Make an exact transcript of the lines in the data below, starting with the one containing "At the payment" and going on through the one containing "Am heutigen Dienstag", with both included and the pictures left out.

**RECORD SET**.
========================================

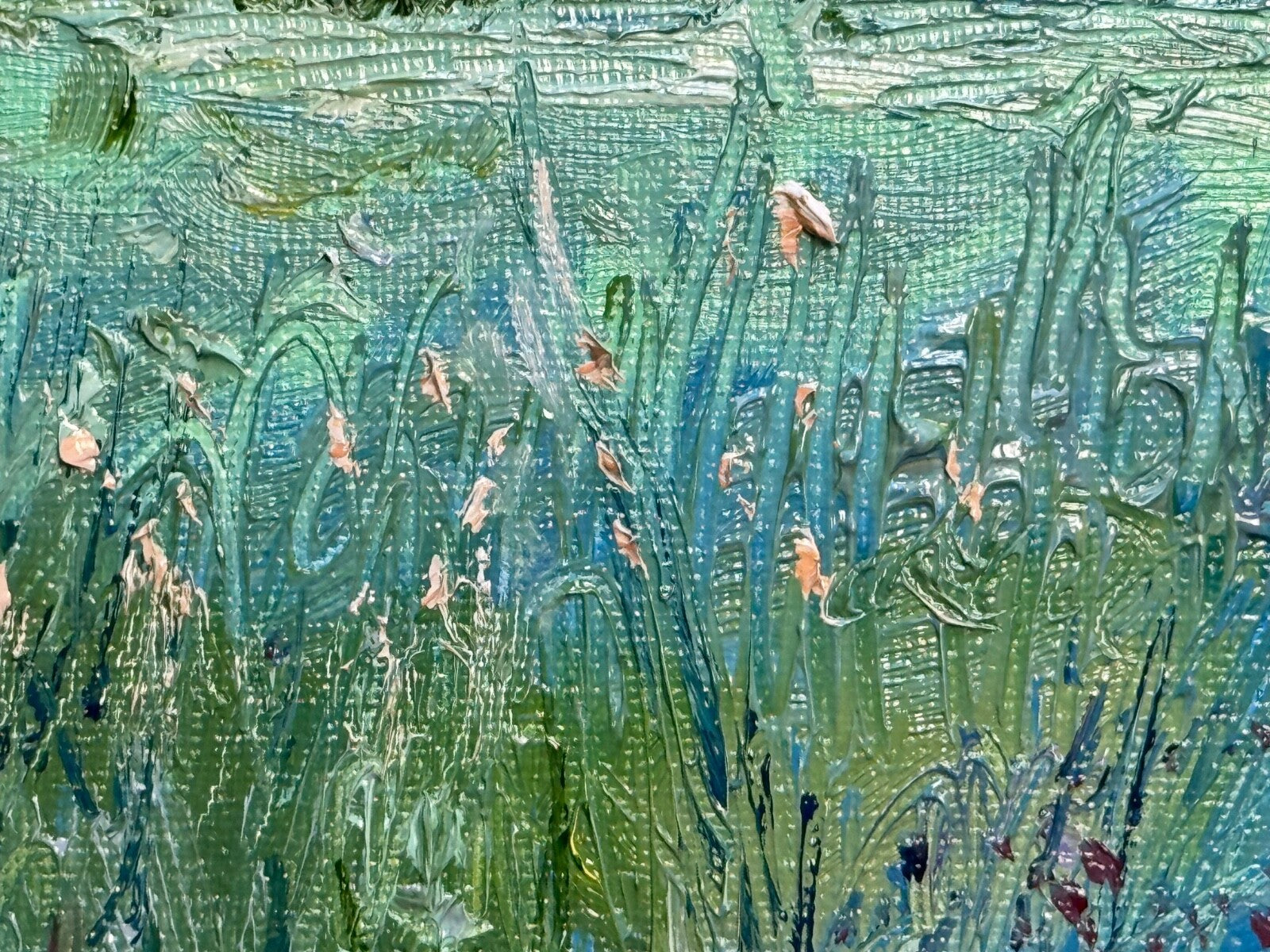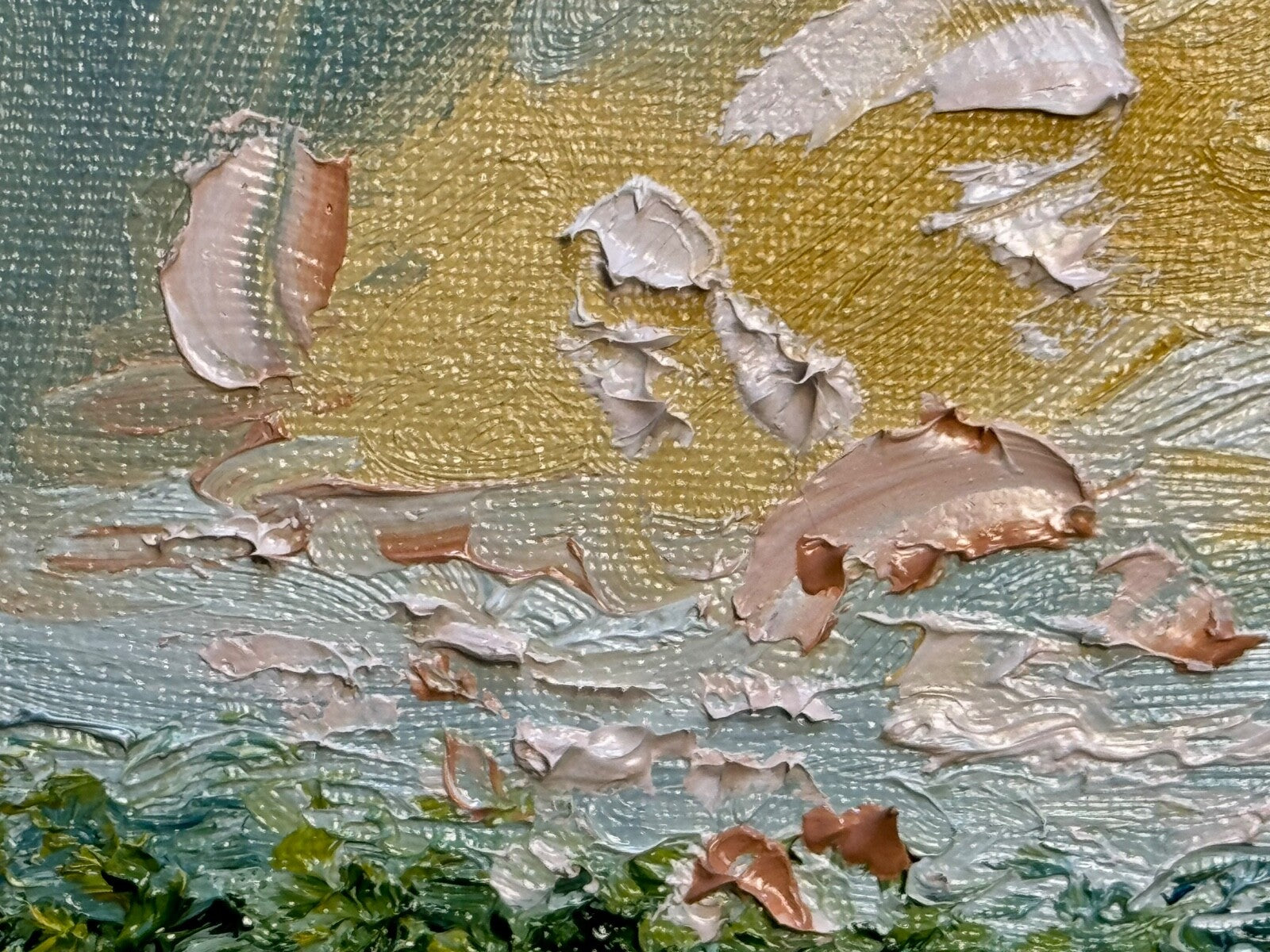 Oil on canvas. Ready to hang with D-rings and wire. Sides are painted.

========================================

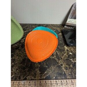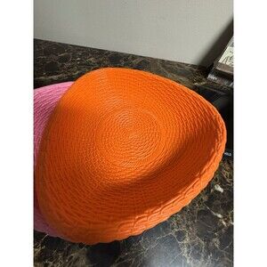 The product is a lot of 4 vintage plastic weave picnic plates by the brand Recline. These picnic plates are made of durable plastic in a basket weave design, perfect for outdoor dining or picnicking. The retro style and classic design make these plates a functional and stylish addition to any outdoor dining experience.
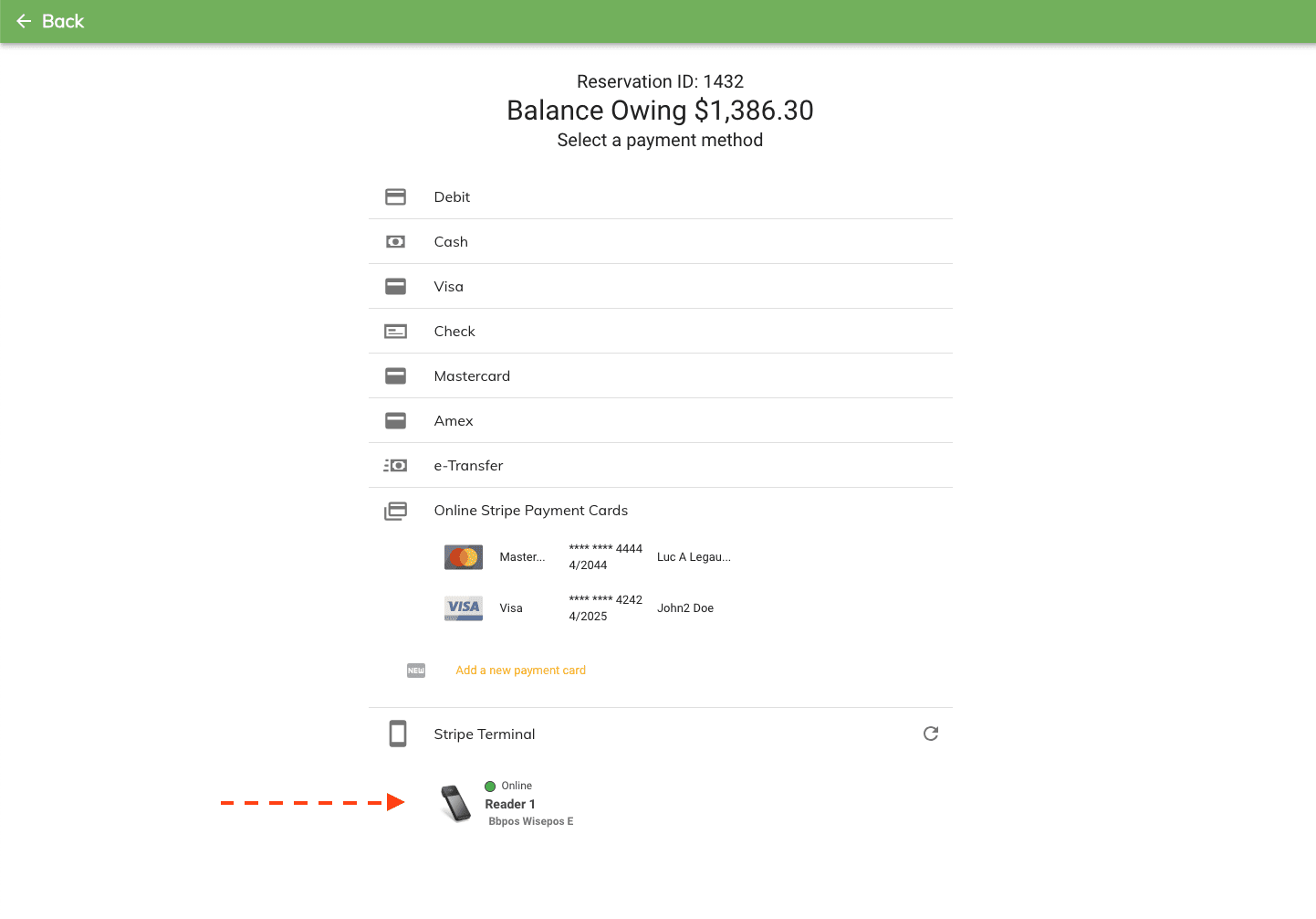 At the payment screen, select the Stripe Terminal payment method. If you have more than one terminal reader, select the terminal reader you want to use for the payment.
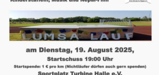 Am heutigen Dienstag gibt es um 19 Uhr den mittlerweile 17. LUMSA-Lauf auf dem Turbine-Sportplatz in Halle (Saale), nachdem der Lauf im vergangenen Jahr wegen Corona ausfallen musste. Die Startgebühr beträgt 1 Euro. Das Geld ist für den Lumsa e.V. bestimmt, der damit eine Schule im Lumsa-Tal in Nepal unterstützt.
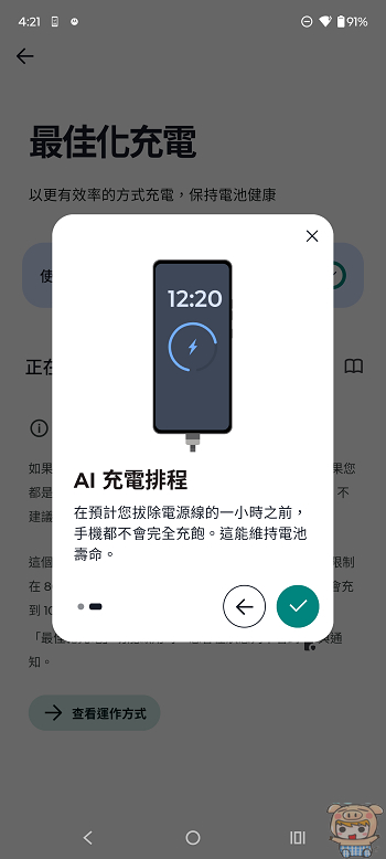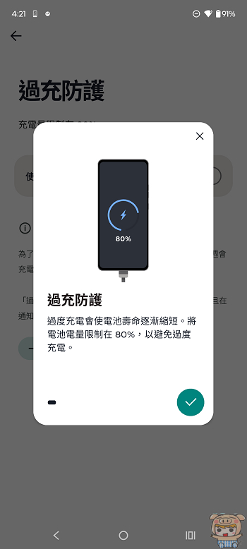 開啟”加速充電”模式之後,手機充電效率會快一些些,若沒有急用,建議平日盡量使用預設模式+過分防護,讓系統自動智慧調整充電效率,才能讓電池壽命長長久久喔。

========================================

**EXERCISE OUTPUT**.
 At the payment screen, select the Stripe Terminal payment method. If you have more than one terminal reader, select the terminal reader you want to use for the payment.
 Am heutigen Dienstag gibt es um 19 Uhr den mittlerweile 17. LUMSA-Lauf auf dem Turbine-Sportplatz in Halle (Saale), nachdem der Lauf im vergangenen Jahr wegen Corona ausfallen musste. Die Startgebühr beträgt 1 Euro. Das Geld ist für den Lumsa e.V. bestimmt, der damit eine Schule im Lumsa-Tal in Nepal unterstützt.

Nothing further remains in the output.